• WORK TO COMPLETE: Beginning with the line below that contains "何振中站在共和国号那巨大的甲" and ending with the line that contains "Pet Shop website with a web form.", copy every line exactly. Copy nothing else.

• DATA EXTRACTS:
[Start of Attachment]

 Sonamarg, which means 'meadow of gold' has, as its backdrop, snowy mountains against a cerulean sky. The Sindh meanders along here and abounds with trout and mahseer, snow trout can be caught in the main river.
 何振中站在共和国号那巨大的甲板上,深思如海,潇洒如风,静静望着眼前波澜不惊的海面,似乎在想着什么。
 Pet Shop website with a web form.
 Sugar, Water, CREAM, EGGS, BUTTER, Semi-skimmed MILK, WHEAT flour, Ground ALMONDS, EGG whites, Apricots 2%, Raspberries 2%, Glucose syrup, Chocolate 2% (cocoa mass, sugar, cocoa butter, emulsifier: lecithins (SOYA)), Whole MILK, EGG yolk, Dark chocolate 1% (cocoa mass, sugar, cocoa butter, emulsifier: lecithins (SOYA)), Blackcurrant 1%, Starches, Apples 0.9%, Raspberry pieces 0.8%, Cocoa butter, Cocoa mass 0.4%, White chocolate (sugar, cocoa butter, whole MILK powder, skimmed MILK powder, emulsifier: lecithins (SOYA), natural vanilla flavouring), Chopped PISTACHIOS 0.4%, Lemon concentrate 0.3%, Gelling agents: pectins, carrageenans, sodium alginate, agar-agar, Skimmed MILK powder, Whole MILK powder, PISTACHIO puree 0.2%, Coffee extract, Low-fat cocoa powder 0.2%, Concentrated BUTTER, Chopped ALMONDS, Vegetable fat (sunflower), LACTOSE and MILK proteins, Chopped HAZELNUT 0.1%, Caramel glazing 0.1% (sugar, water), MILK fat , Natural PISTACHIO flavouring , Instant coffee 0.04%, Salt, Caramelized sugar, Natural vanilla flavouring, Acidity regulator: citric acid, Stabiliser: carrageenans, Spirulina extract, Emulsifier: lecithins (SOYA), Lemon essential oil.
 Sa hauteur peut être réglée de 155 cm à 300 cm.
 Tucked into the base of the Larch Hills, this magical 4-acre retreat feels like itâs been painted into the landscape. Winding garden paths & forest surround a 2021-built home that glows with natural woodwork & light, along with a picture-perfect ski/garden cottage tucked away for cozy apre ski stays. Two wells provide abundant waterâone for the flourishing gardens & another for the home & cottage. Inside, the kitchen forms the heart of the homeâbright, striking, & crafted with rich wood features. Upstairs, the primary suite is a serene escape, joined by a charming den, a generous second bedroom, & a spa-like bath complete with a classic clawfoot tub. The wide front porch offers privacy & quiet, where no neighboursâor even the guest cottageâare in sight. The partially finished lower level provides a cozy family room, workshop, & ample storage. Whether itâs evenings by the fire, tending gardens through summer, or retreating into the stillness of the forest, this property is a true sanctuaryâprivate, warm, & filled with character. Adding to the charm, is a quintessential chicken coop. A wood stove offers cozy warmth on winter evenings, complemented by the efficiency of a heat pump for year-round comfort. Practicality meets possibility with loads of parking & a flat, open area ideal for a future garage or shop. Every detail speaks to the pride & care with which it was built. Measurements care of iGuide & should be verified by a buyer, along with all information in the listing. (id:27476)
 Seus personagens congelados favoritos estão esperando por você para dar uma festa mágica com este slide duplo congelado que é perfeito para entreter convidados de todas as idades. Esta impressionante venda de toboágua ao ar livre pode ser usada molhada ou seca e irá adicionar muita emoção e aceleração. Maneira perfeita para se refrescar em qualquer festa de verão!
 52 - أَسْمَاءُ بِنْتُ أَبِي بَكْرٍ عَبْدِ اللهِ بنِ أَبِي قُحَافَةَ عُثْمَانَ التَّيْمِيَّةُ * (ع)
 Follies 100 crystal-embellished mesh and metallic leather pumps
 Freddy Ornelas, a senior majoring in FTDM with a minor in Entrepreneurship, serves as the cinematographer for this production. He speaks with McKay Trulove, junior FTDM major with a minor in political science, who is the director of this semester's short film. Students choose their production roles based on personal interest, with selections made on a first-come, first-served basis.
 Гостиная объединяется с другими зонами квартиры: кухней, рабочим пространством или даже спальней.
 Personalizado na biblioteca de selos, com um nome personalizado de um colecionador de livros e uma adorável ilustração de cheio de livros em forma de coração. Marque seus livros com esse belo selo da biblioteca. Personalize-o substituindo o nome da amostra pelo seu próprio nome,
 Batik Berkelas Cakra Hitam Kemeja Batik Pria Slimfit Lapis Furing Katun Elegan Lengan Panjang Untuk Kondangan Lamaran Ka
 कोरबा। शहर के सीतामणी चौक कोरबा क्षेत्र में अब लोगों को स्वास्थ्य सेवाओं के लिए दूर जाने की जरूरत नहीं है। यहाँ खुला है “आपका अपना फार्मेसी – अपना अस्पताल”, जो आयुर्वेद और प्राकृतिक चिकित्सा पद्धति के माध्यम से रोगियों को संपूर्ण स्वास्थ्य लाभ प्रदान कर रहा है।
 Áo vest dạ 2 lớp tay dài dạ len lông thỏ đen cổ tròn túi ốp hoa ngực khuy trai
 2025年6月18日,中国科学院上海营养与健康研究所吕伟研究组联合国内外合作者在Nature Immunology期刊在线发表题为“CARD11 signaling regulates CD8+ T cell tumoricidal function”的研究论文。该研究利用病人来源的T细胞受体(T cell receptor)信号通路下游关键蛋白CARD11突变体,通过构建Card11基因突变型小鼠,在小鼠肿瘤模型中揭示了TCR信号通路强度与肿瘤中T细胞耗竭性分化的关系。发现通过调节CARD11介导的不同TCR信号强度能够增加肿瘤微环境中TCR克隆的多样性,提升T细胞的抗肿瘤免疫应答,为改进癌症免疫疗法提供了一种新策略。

[End of Attachment]

• OUTPUT FOR THIS TASK:
 何振中站在共和国号那巨大的甲板上,深思如海,潇洒如风,静静望着眼前波澜不惊的海面,似乎在想着什么。
 Pet Shop website with a web form.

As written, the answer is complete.